Among the 906 families included in the MedRxiv preprint, for example, the investigators detected more than four times as many of those rare structural changes with long-read genomes compared to genome sequences generated with short reads alone.

"We believe that there's a proportion of variation that is due to genetic changes that are difficult to observe by current ways of clinical genome sequencing, particularly structural variants," Pastinen explained. "And we have some evidence of that through the early stages of our program: 5 to 15 percent of missed diagnoses that are diagnosable with current criteria are due to these structural variants that are kind of in a blind spot of short-read sequencing, as well as clinical microarray technology."

Nearly 6,300 individuals from more than 2,700 families have enrolled in the GA4K program so far, and the pediatric genomes that were recently released to public databases represent roughly half of the individuals who have been sequenced, Pastinen said. He noted that the registered access database contains more than 5,000 sequences, which could be released to dbGAP by as early as the end of this year.

The investigators expect to sequence some 30,000 children with rare diseases over the full seven years of the GA4K project. They have already secured around $18 million from philanthropic sources in the Kansas City area, Pastinen said, and established relationships with some commercial firms.

An additional funding drive is underway, and the team is considering other options — from federal support or commercial collaborations that do not compromise the data sharing spirit of the project to new avenues for reimbursement, he added, all while streamlining testing and trying to bring the cost down.

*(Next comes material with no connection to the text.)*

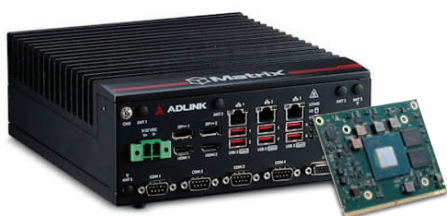
Figure 2. The ADLINK MVP-5200-MXM computer and MXM-AXe GPU module.

Hyper Compute, which is part of Intel Deep Link technology, intelligently balances compute workloads across CPU and GPU resources. This underlying mechanism enables applications to harness availability and maximize utilization of Intel hardware capabilities to speed up computations. Similarly, the Intel® OpenVINO™ inference engine is capable of combining CPU, integrated GPU, and discrete GPU resources available on an Intel platform such as the ADLINK MVP-5200 series computer to support AI workloads. The OpenVINO solution stack features an open, non-proprietary programming model and draws on the unmatched Intel ecosystem of hardware and software building blocks.

"Over time, we hope we'll be able to solve over 50 percent of the cases of suspected rare genetic disease. And through the tools that we develop, and data sharing, [we hope] that we are able to accelerate the current diagnostic odyssey — which is, in our jurisdiction, about four years per patient for a positive diagnosis," Pastinen said. "We haven't yet engaged with the payors on the new models of delivering genomic medicine, but obviously, as we go along, we need to get this engulfed in the traditional reimbursement for genomic medicine."